Highlights in tumor metabolome research: Choline metabolism influences integrin expression and supports cell attachment

Ahmed Ghallab 1,*
PMCID: PMC4464261  PMID: 26417308

Dear Editor,

Cell attachment or adhesion, either to another cell or a matrix, is a critical feature of many cell types. For example, immune cells attach to endothelial cells that make up the blood vessels before they enter inflamed tissue. Attachment to the endothelium by circulating tumor cells is also a critical step in metastasis. Therefore, it is of high interest to identify key factors that modify a cell’s ability to attach.

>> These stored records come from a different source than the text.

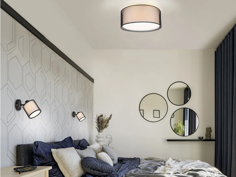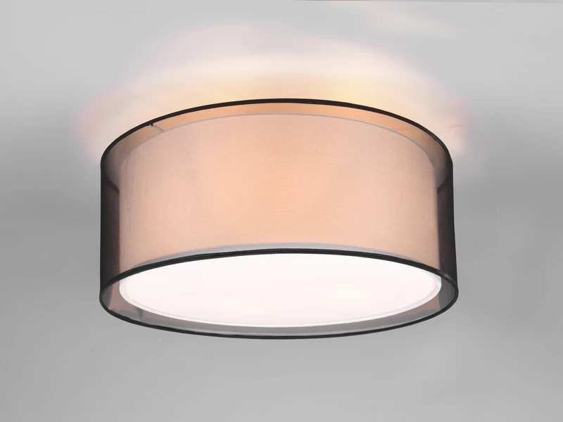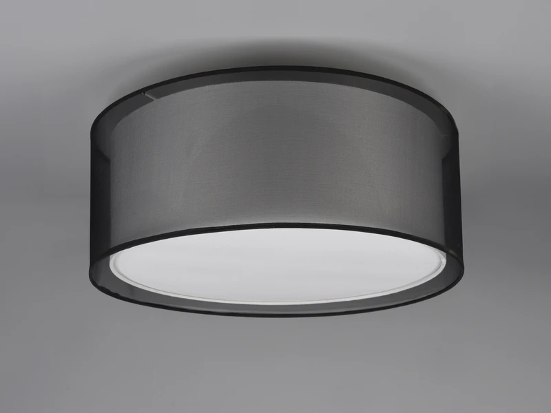 Die Leuchten der Serie BURTON sind mit ihren Textilschirmen der Inbegriff für Behaglichkeit. Das wohnliche Licht der Deckenleuchte, welches durch die beiden verschiedenfarbigen Schirme ein gemütliches Ambiente zaubert, setzt besondere Lichtakzente. Die moderne Kombination aus einem inneren weißen Stoffschirm und einem äußeren transparent schwarzen Organza Stoffschirm wirkt individuell sowie erfrischend und lässt sich vielfältig in moderne Wohnstile integrieren.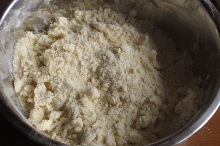 Песочное тесто: муку растереть с холодным маслом в крошку.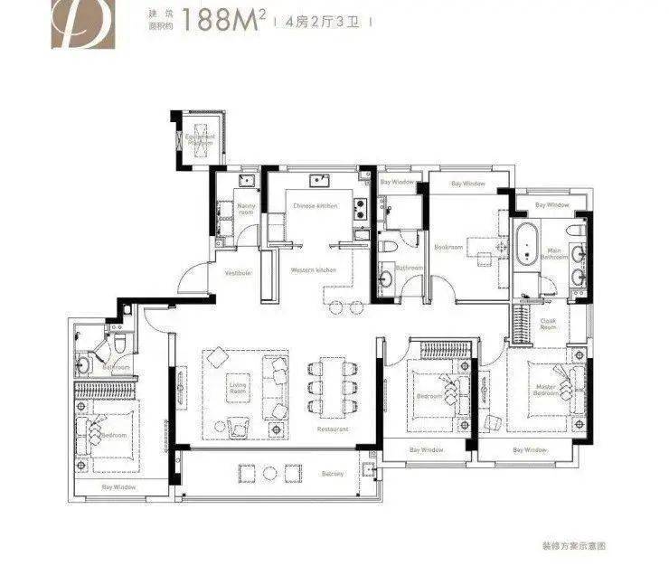 188㎡四房两厅三卫两厨户型图: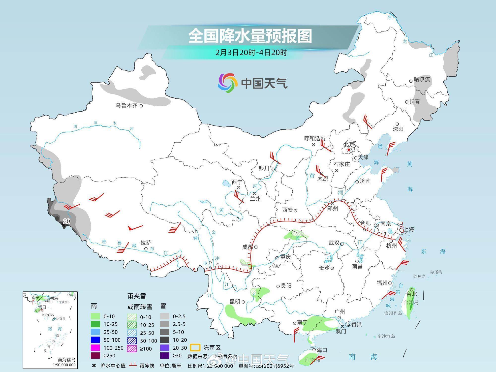 2月3日08時至4日08時,貴州大部、湖南南部、廣西、福建和海南陰天有小雨,周邊省份的其餘地區陰天間多雲,局部有小雨或(輕)霧。
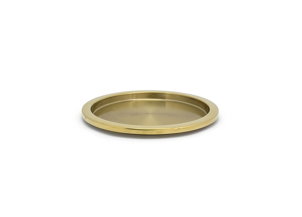 Elegante bandeja redonda de acero inoxidable para dar un toque de distinción a la habitación.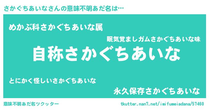 | 男性向けラノベタイトル風あだ名 | 『うちのさかぐちあいなが世界を掌握している!』 |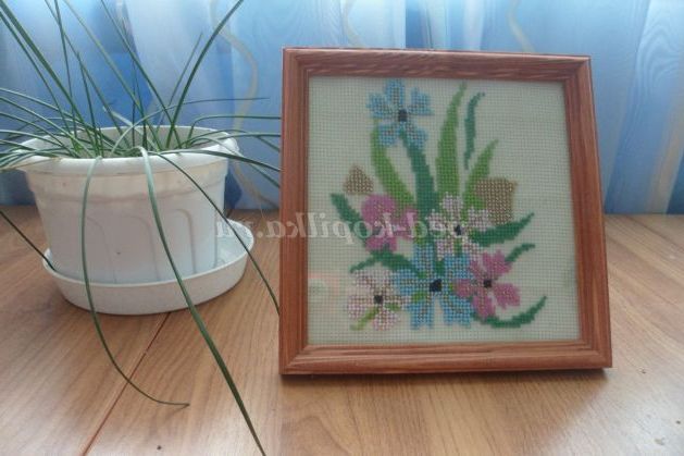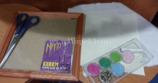 Матеріал: Бежева канва для вишивки 20 на 20 см, шматок білої тканини 20 на 20 см, кольоровий бісер, ножиці, голка, тонкі, але міцні нитки, двосторонній скотч, схема вишивки, фоторамка 20 на 20.

In a recent issue of Cell Adhesion and Migration, Lesjak and colleagues demonstrated that choline metabolism strongly influences adhesion of breast and ovarian cancer cells to a fibronectin matrix (Lesjak et al., 2014[9]). In this study, the authors focused on EDI3 (synonym: GDE5 or GPCD1) a key enzyme in choline metabolism that was recently shown to cleave glycerophosphocholine (GPC) in tumor cells (Stewart et al., 2012[20]). One of the cleavage products is choline, the substrate of choline kinase (Marchan et al., 2012[12]). Currently, many studies focus on choline kinase as a potential target for cancer therapy; indeed, expression of this enzyme has been shown to be increased in many carcinomas (Iorio et al., 2005[7], 2010[8]; Gallego-Ortega et al., 2011[4]; Ramírez de Molina et al., 2002[14],[15]). The second cleavage product of EDI3 is glycerol-3-phosphate, which can further be metabolized to lysophosphatidic acid, phosphatidic acid and diacylglycerol (Stewart et al., 2012[20]).

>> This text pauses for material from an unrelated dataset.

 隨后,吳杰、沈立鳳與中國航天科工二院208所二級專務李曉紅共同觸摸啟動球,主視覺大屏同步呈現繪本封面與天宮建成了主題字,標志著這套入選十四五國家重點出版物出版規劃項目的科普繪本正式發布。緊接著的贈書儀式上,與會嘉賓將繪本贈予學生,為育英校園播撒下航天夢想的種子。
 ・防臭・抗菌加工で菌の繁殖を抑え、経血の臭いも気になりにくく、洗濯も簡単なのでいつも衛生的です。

A key experiment in the present study of Lesjak et al. (2014[9]) was that silencing EDI3 in breast and ovarian cancer cell lines reduced expression of integrin beta 1. This key integrin receptor can bind to any one of a number of integrin alpha receptors, thus influencing binding to different extracellular matrices, such as fibronectin, laminin and collagen. The binding or heterodimerization of alpha-beta integrins also regulates integrin-mediated signaling, which controls processes such as migration, proliferation, differentiation, attachment and even death (Spangenberg et al., 2006[19]). In addition to reduced integrin beta 1 expression, silencing of EDI3 in these two cancer cell lines resulted in decreased attachment and spreading on a fibronectin matrix. Conversely, overexpressing EDI3 led to enhanced integrin beta 1 expression, increased attachment and spreading. However, a question that still remains open is the mechanism by which EDI3 influences integrin expression.

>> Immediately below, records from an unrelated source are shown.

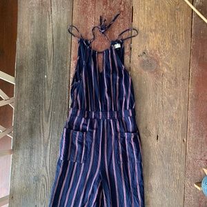 Adorable Universal Thread Jumpsuit in navy, white and red, women’s size medium. Halter, tie-neck. Cropped, wide-leg with back pockets. In good, used-condition. Super-cute and breezy!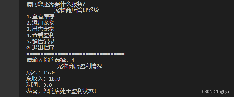 System.out.println("很遗憾,您的店处于亏损状况!");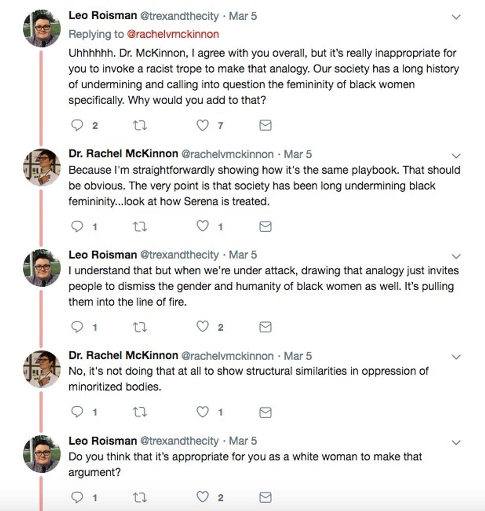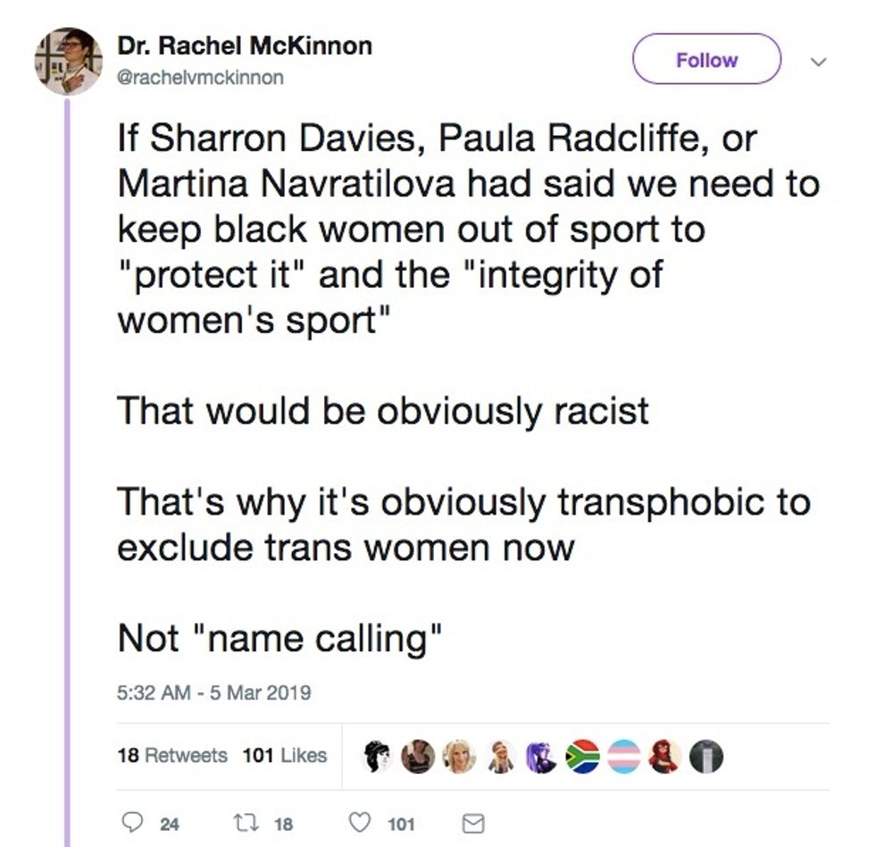 On the heels of ripping Davies and Navratilova, McKinnon — who's also a philosophy professor at the College of Charleston in South Carolina — added a doozy: Excluding transgender women from women's sports is akin to excluding black women from women's sports.

There is currently a great deal of research focused on understanding which mechanisms influence tumor metastasis and prognosis of carcinomas (Schmidt et al., 2008[16]; Cadenas, 2012[10]; Lesjak et al., 2014[9]; Thanopoulou and Judson, 2012[21]; Mamas et al., 2011[10]; Hammad, 2013[6]). Typical factors of influence include adhesion molecules (Micke et al., 2014[13]; Schmidt et al., 2008[16]; 2011[18]; Botling et al., 2013[1]), components of the immune system (Schmidt et al., 2012[17]; Godoy et al., 2014[5]), and redox factors (Cadenas et al., 2010[3]). Although much effort is invested towards elucidating the influence of tumor metabolism on cancer development, the present study of Lesjak et al. (2014[9]) is the first to link choline metabolism to tumor cell attachment. These initial observations set the stage for future studies which will focus on whether choline metabolism can be pharmaceutically modified to reduce the capacity of tumor cells to attach and form metastasis.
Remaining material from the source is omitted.